What the task requires
Below are some entries. Transcribe the lines from the one holding "如果是一個人來用餐,其實選擇" to the one holding "For this reason, the", inclusive, but not the pictures among them.

Source data
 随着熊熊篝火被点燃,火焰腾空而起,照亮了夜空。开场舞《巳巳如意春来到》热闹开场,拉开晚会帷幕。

--

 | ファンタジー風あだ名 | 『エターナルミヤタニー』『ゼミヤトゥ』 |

---

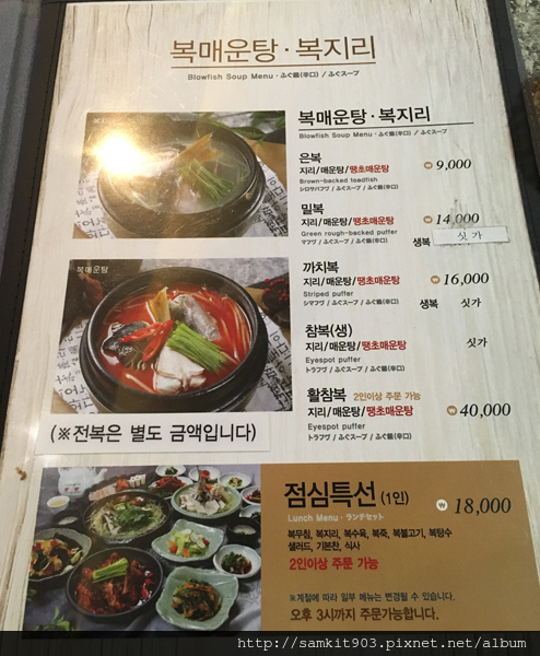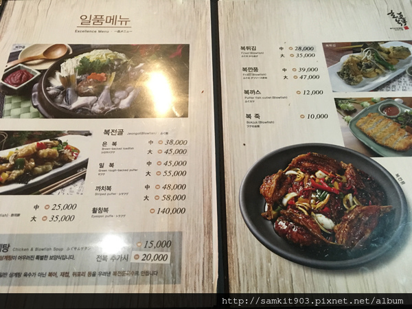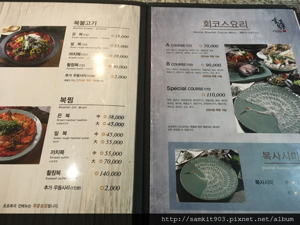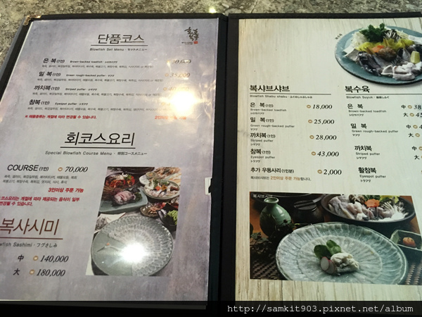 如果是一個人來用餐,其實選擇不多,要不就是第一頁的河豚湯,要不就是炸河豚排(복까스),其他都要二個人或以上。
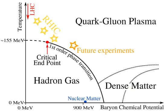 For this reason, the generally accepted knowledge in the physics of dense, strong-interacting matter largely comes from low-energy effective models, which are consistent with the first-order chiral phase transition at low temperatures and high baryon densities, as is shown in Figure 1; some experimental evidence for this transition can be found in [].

Answer space
 如果是一個人來用餐,其實選擇不多,要不就是第一頁的河豚湯,要不就是炸河豚排(복까스),其他都要二個人或以上。
 For this reason, the generally accepted knowledge in the physics of dense, strong-interacting matter largely comes from low-energy effective models, which are consistent with the first-order chiral phase transition at low temperatures and high baryon densities, as is shown in Figure 1; some experimental evidence for this transition can be found in [].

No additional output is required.